Hi Everyone!
This is my first post in TSR but I'm in desperate need of some rational advice from people in a similar situation.
Background: Previously at Exeter, I had to leave due to financial issues, so I took a gap year for 2012/2013 and then joined a new university to start my law degree (again). Didn't really have a family/not much contact with my mum, lived with my fiance's parents (who are a god send).
So here I am now.
I'm a second year Law student - did alright last year got 68 and had massive personal issues (my mum died). Got through it all came out the other side, hated first year an awful lot, probably cried more than I smiled but I got through it because I thought that's what I should do. Worked a lot over summer and enjoyed it - money - woo! Got engaged, saw the world, what is this new found life I have outside of being sat at a desk reading hundreds of pages all week!?!
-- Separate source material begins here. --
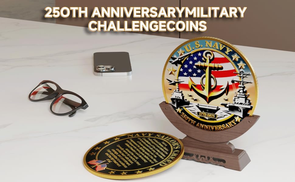 تكريم 250 عامًا من الخدمة البحرية احتفل بالتاريخ الفخور وبسالة البحرية الأمريكية مع عملة تحدي الذكرى السنوية الـ 250 هذه المصنوعة بشكل جميل - تكريمًا للشجاعة والولاء والتفاني في أداء الواجب.

Term starts again, and I am overwhelmed with a perpetual dislike for my degree, no enthusiasm or interest for my modules and I've decided over summer that I don't wish to practice Law at the end of my degree or take the LPC course. I think I want to go into Management or Facilities Management which is not dissimilar to the role I did whilst on gap year.
I'm back to sitting at a desk for 10 hours a day, bored out of my brain, hate my house, hate the university lifestyle (I've already lived on my own, ran my own house, settled down with my man - students shouting outside of my window at 3am in a house with mould and a shower about as powerful as someone spitting on me; yay), and most of all I dislike my course.
If I left, I wouldn't want to do another degree, I'm bored of all this. If I got a job, I'd want it to be in the field which I wanted to go into - easier said than done. I'd need a job with at least £18k and excellent career training/prospects so as I could support myself in my own place with my partner.
What. Do. I. Do?
Should you stay in something that your heart isn't in because
that's what people do or should I get out and live/enjoy life?